Given data START
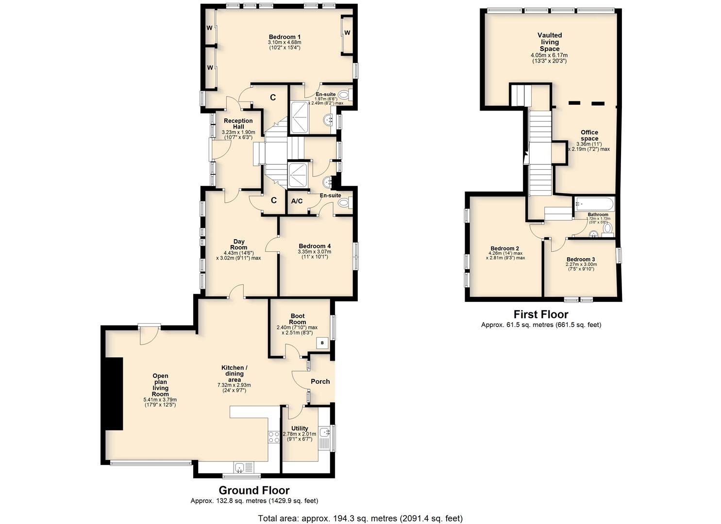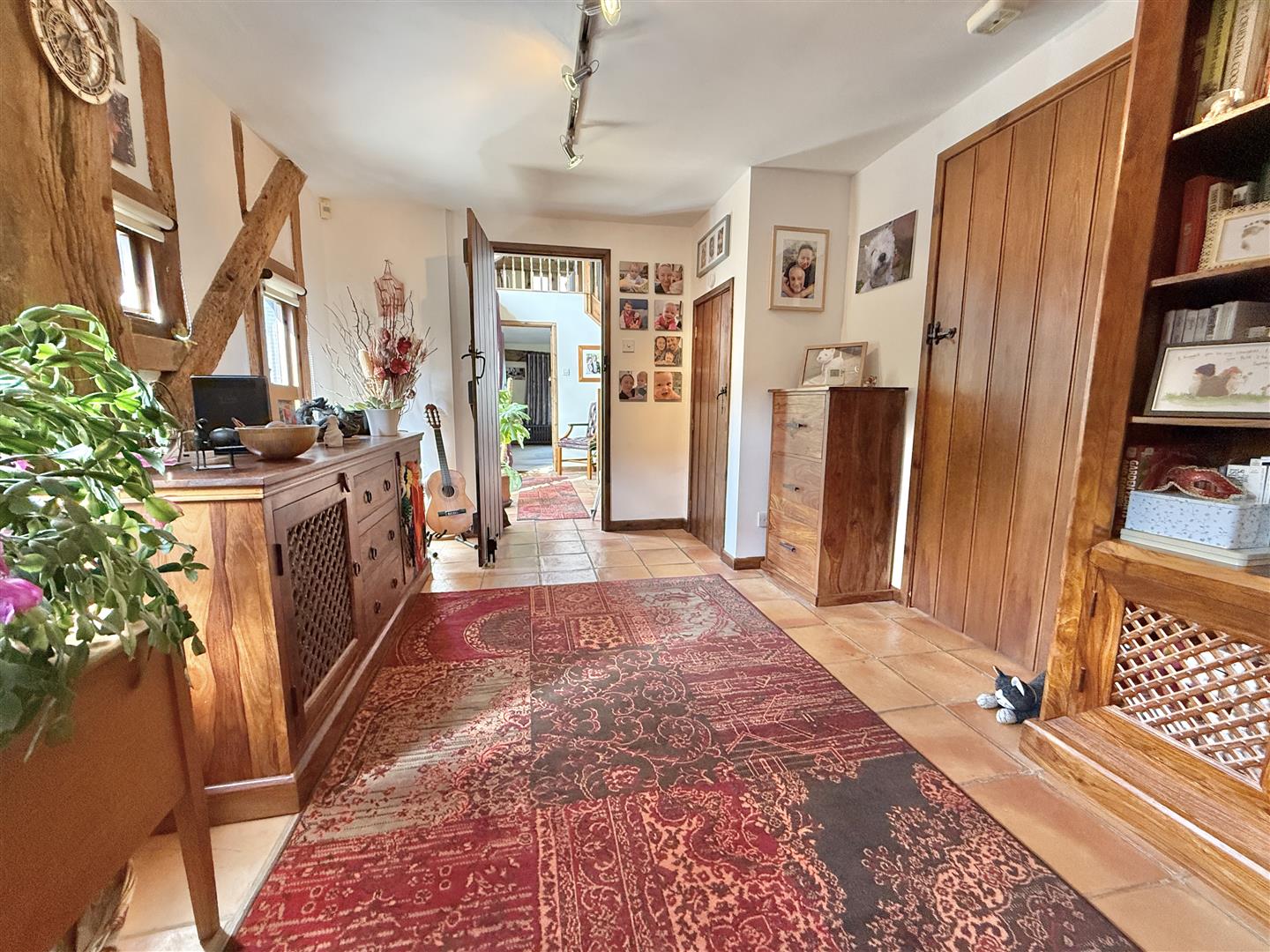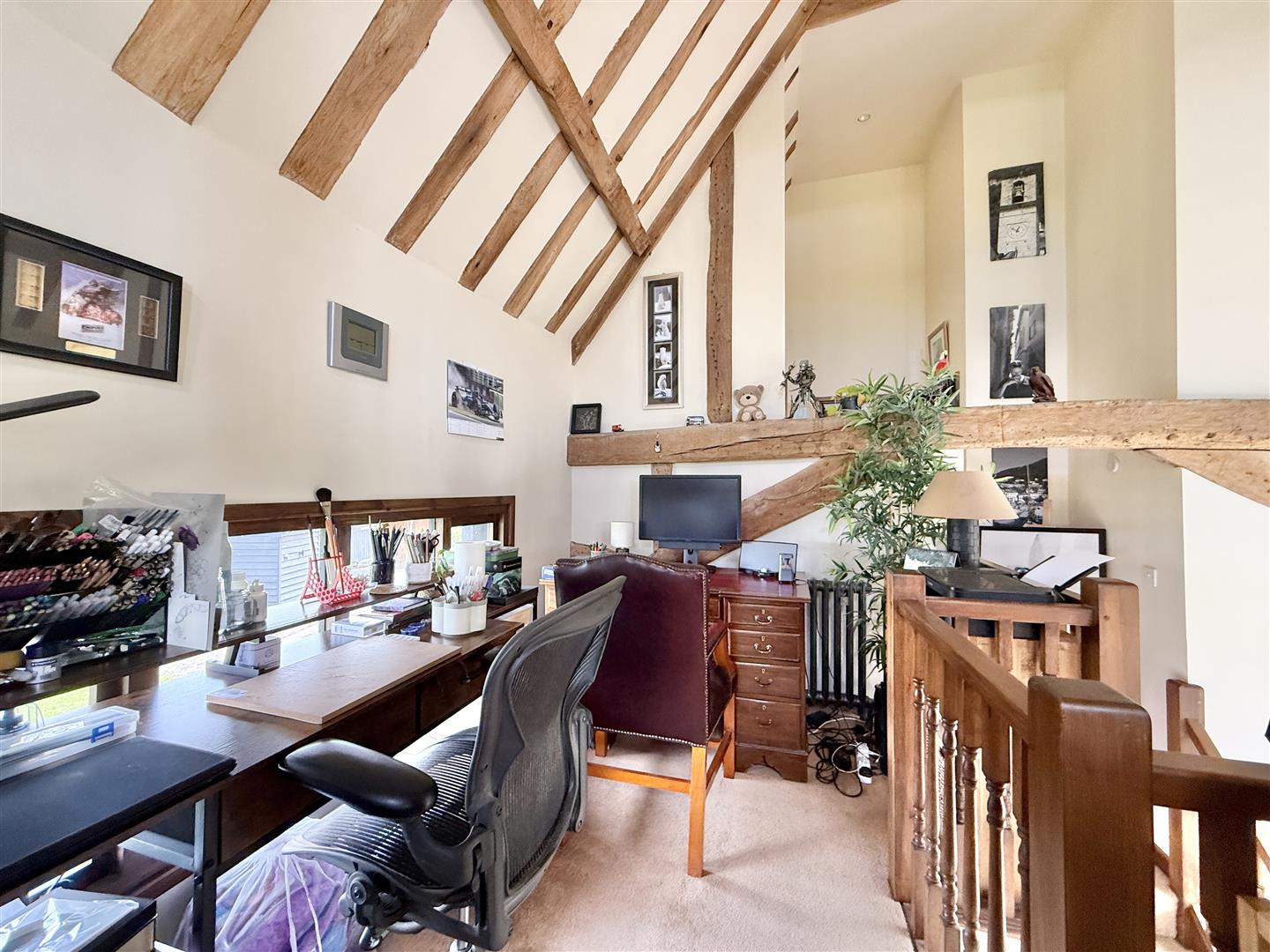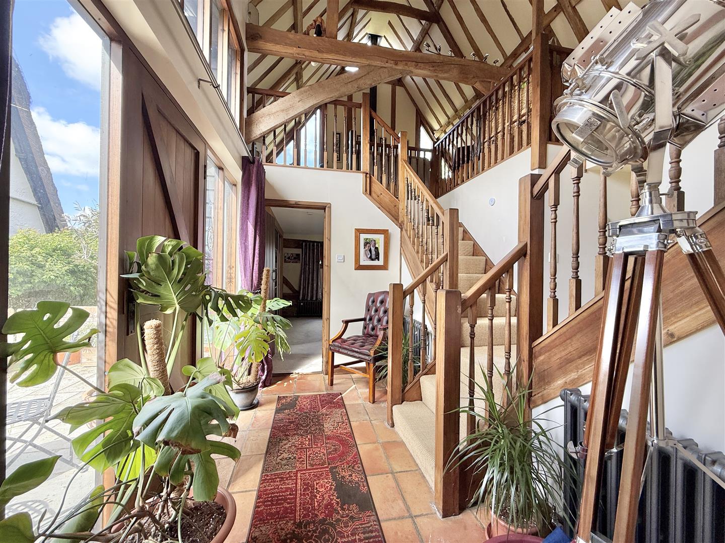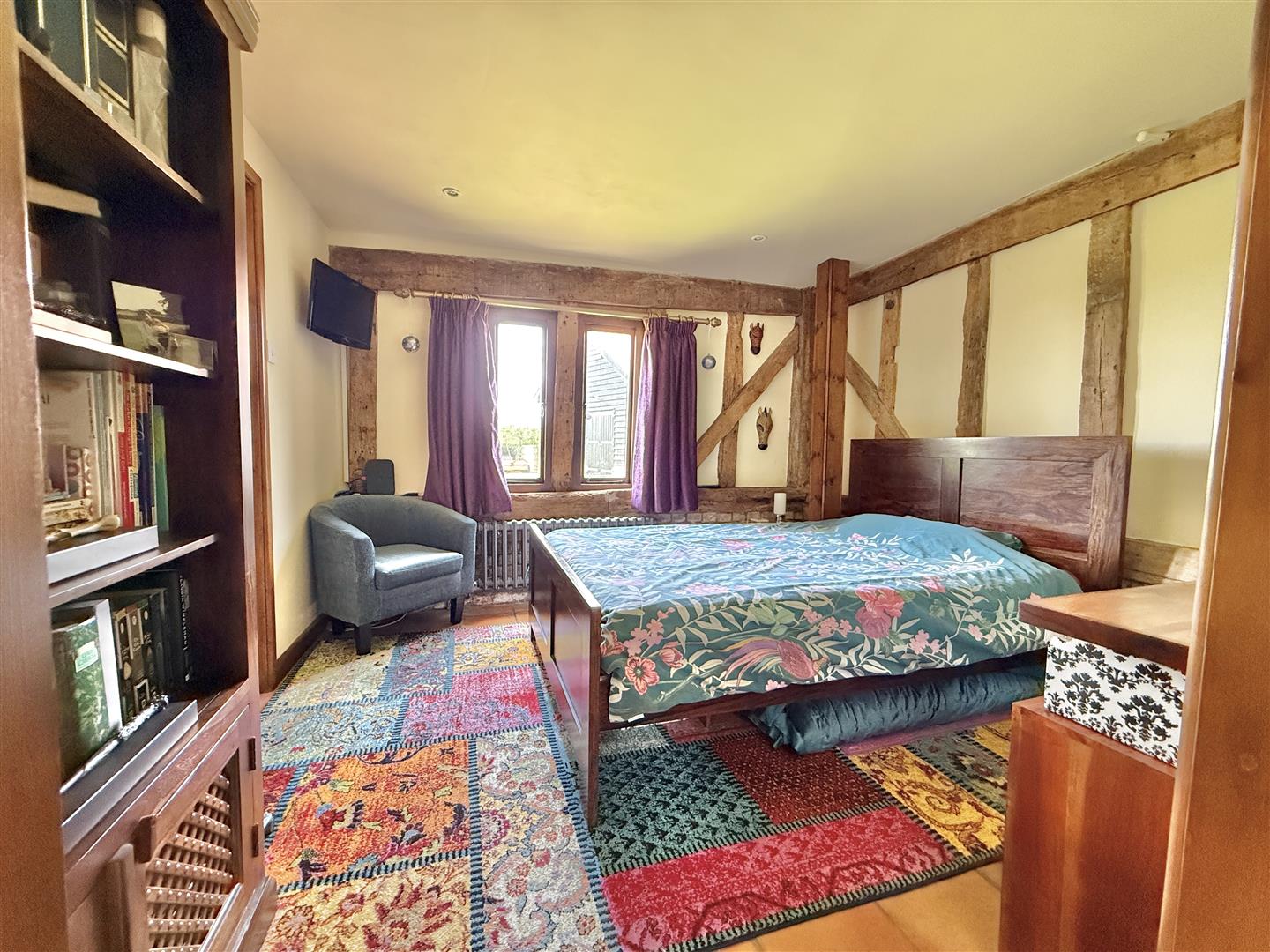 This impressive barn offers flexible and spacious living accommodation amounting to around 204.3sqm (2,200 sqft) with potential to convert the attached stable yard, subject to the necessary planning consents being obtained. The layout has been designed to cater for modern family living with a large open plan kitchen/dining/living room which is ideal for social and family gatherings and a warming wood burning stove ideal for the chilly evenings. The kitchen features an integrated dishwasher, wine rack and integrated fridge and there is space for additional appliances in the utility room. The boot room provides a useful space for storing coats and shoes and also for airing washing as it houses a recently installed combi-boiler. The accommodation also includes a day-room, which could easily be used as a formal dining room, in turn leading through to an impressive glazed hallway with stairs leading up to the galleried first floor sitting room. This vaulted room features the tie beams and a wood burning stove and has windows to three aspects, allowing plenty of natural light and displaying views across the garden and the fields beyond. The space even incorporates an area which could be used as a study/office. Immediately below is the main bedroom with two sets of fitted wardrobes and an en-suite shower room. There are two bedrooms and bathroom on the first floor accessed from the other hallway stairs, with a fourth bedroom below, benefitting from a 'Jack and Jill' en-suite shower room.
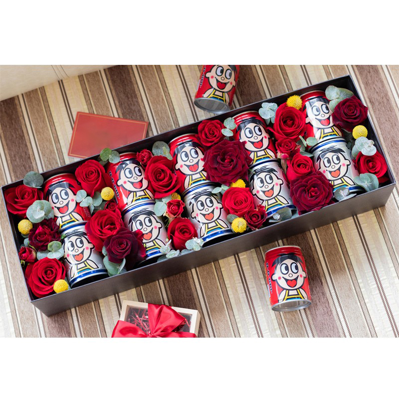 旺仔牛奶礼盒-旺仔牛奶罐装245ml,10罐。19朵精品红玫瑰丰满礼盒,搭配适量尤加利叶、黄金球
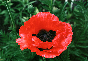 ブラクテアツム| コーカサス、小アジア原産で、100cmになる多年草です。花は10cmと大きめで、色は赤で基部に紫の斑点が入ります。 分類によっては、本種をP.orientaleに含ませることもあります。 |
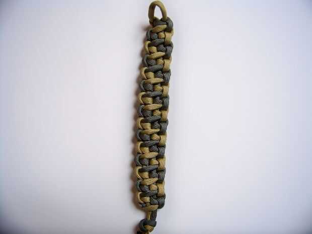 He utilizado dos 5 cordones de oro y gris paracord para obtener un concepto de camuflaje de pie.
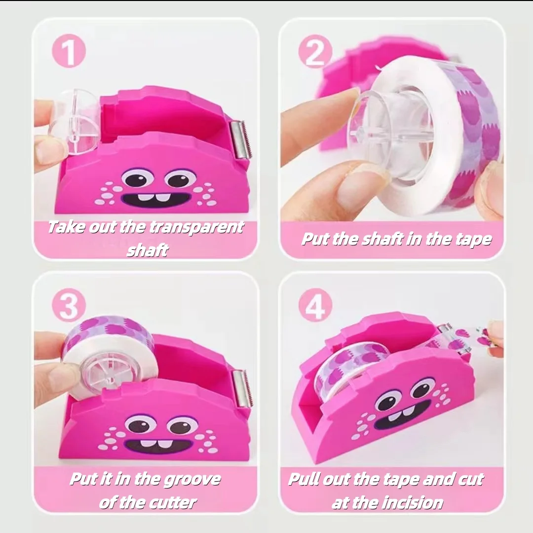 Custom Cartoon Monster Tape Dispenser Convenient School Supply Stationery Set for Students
Given data END
What is expected
Any picture in the material is to be left out, and everything else is to be retyped as is.

Completed exercise
 This impressive barn offers flexible and spacious living accommodation amounting to around 204.3sqm (2,200 sqft) with potential to convert the attached stable yard, subject to the necessary planning consents being obtained. The layout has been designed to cater for modern family living with a large open plan kitchen/dining/living room which is ideal for social and family gatherings and a warming wood burning stove ideal for the chilly evenings. The kitchen features an integrated dishwasher, wine rack and integrated fridge and there is space for additional appliances in the utility room. The boot room provides a useful space for storing coats and shoes and also for airing washing as it houses a recently installed combi-boiler. The accommodation also includes a day-room, which could easily be used as a formal dining room, in turn leading through to an impressive glazed hallway with stairs leading up to the galleried first floor sitting room. This vaulted room features the tie beams and a wood burning stove and has windows to three aspects, allowing plenty of natural light and displaying views across the garden and the fields beyond. The space even incorporates an area which could be used as a study/office. Immediately below is the main bedroom with two sets of fitted wardrobes and an en-suite shower room. There are two bedrooms and bathroom on the first floor accessed from the other hallway stairs, with a fourth bedroom below, benefitting from a 'Jack and Jill' en-suite shower room.
 旺仔牛奶礼盒-旺仔牛奶罐装245ml,10罐。19朵精品红玫瑰丰满礼盒,搭配适量尤加利叶、黄金球
 ブラクテアツム| コーカサス、小アジア原産で、100cmになる多年草です。花は10cmと大きめで、色は赤で基部に紫の斑点が入ります。 分類によっては、本種をP.orientaleに含ませることもあります。 |
 He utilizado dos 5 cordones de oro y gris paracord para obtener un concepto de camuflaje de pie.
 Custom Cartoon Monster Tape Dispenser Convenient School Supply Stationery Set for Students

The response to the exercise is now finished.